Decelerating inflation is bringing some crumbs of comfort to households whose living standards have been ravaged by rising costs. A year ago, when inflation had accelerated to 9%, the April uprating of Universal Credit was only 3.1%, leaving recipients 6% worse off over the year (in addition to the removal of the temporary £20 a week pandemic uplift). But this year, the inflation rate to April has fallen to 8.7%, so with a 10.1% uprating, UC has risen 1.4% in real terms. In both cases this is because of the lag caused by April upratings being based on the previous September’s inflation rate. When inflation is accelerating, real benefits fall; when it is decelerating, they rise. With inflation projected to keep on falling, a further (and probably much larger) gain of this kind is likely a year from now.
Until 2022, having these lagged upratings made relatively little difference: with inflation low, the April rate had only been more than two percentage points higher than the September rate once in the previous 30 years. And over the long term, inflation-linked benefits always ‘catch up’ with rising prices, as the October to April increases feed into the following year’s uprating. But there are several reasons to remain concerned about the effect of the lag today.
Most obviously, claimants have just had to cope with a year with benefits significantly lower in real terms than previously, and the gain in the present financial year is much lower (1.4%) than the previous year’s loss (5.9%). In 2024, there should be larger gains, but for someone struggling on a very low income now, knowing these are on the way is not much solace. This graph shows that in real terms, benefit incomes still remain lower than in 2021, by £14 a month for a single. For couple with two children, the real-terms loss has been £49 a month, nearly £600 a year.
This is before ad hoc additional payments, such as the living costs support of £900 a year that UC claimants receive in 2023/24. But don’t forget that in April 2021, they were getting more than that from the £20 a week (£1040 a year) temporary UC uplift, now discontinued. Moreover, these ad hoc payments are poor substitutes for decent benefit rates in helping the worst-off: they are not weighted to household size, and create big uncertainties about future income among households who do not have the capacity to absorb large income fluctuations.

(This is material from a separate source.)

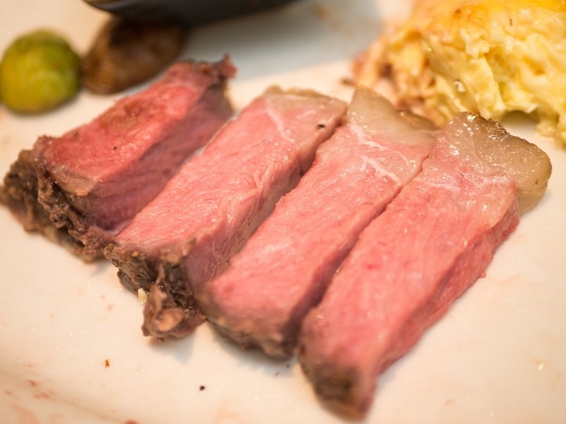 再來從調味料較多的地方開吃,超~級~美~味~肉表面上的醬汁以及胡椒鹽,讓整體的香氣更加濃郁有味道,比起全熟,七分熟的口感更加軟嫩,也很與眾不同。

And the graph shows that families depending on Universal credit can take little comfort from the 1.4% real increase they’ve seen in their benefits in the past year, coming after two years of declining real benefit levels. Most important of all, the starting point was at a historically low level by any measure, and clearly insufficient to cover the most frugal existence. Benefits for working age adults without children are now only a quarter of what families need for a decent living standard, and 30 per cent lower even than what the Joseph Rowntree Foundation estimates as being needed for an “essentials guarantee”, based on what worse-off families actually spend.
There is growing consensus around the urgent need for a generalised increase in these alarmingly low levels of support, leading to powerful initiatives such as the Scottish Minimum Income Guarantee project supported by the Financial Fairness Trust, and backed by the Scottish Government. And even the cross-party House of Commons Select Committee on Work and Pensions, which has previously been wary of weighing in on such a political issue, is now looking at the basis for setting benefit levels.
And as well as the levels of this support, the way in which it arrives is crucial – in particular in terms of its predictability and timeliness. In rethinking how benefits can provide a rock of guaranteed minimum income in unstable times, they need to track changing prices as closely as possible. Universal Credit’s use of electronic rather than paper-based delivery systems gives the potential for a new start here. At the very least, we can hope that unnecessary time lags will become a 20th century relic.